2. Procedures for the Collection of Information
The proposed project will administer the patient safety culture survey as a web-based instrument to a census of all staff, both clinical and non-clinical, working in CONUS and OCONUS DHA MTFs. As it is a census survey, no stratification or sampling is required. To standardize the process across DHA facilities, data collection will be simultaneously conducted at all facilities. This survey will be administered on a voluntary basis to all staff working in MTF hospitals, ambulatory and dental services. Responses and respondents will remain anonymous. There are two versions of the survey that may be administered, corresponding to the setting in which care is delivered, either Hospital (inpatient) or Medical Office (ambulatory/ outpatient/ clinic setting). All responses will be collected using internet-based information technology and there will be no hard copy surveys administered. Using a web-based survey will accommodate the CONUS and OCONUS survey dissemination, shorten the field period necessary for data collection, and decrease the need for data cleaning since only valid responses can be entered and automatic storage of responses can occur in an electronic database.
3. Maximization of Response Rates, Non-response, and Reliability
The 33% response rate goal was estimated based upon response rates from previous iterations of this survey. The study design will implement standard techniques to maximize response rates. Potential respondents will receive a pre-notification letter followed by an email survey notification containing an embedded hyperlink to the internet location where the survey can be completed. A maximum of six (6) reminder notifications will be sent, approximately one week to 10 days apart, so that the data collection field period will be approximately eight weeks.

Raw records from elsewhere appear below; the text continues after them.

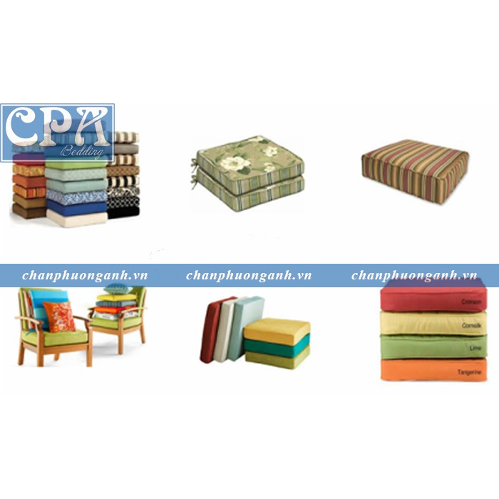 Đệm ngồi:- Đệm lót hình vuông thích hợp dùng làm nệm lót ngồi thiền, ngồi thư giãn, hay nệm lót trang trí trên ghế tựa, ghế mây, ghế bành dùng trong gia đình, trang trí quán café, trà sữa…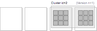 | Phase #3 | Create a new cluster on the stopped nodes, using the new VoltDB software version. Be sure to configure the cluster with a new cluster ID, XDCR enabled, and listing the original cluster as the DR connection source. You can also start the new cluster using the --missing argument so although it starts with only half the nodes, it expects the full complement of nodes for full k-safety. In the example, the start command would specify --count=2 and --missing=2. After loading the schema and procedures from the original cluster, XDCR will synchronize the two clusters. ![]() |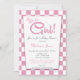 A cute pink It's A Girl girls baby shower invitation featuring a checked pink and white background.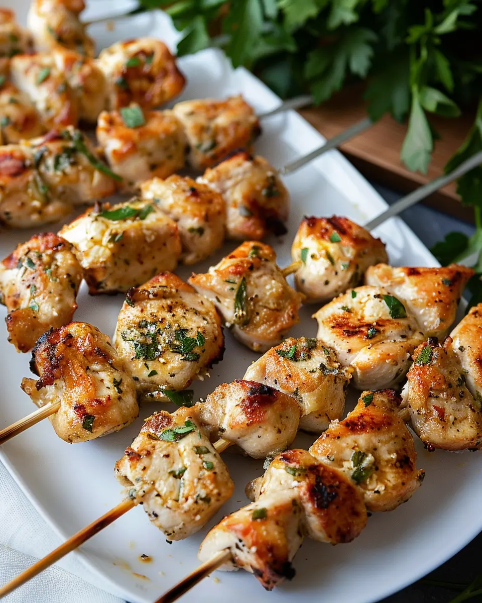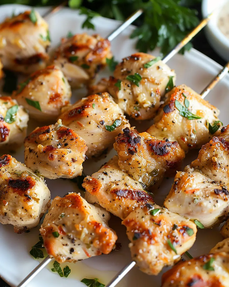 PrintGarlic Parmesan Chicken Skewers: Juicy Grilled Delight at Home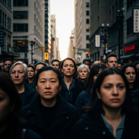 crowd of people on a city street, realistic illustration

To maximize response rates, the following steps will be taken:
The survey website will be beta tested at MTFs to confirm that it functions properly;
A pre-notification letter will be sent to participants detailing the purpose of the survey;
Other communication approaches will be used to familiarize staff with the survey effort and assure them of the confidentiality and anonymity of their responses, such as printed flyers and supporting letters from leadership;
A first survey email notification will be emailed including a hyperlink to the survey web site where they can complete the web survey;
Reminder email notification(s) will be sent with a hyperlink to the survey web site;
A final notification will be sent with a hyperlink to the survey website before the survey closes, and;
Response rate reports will be circulated frequently to encourage friendly competition among MTFs.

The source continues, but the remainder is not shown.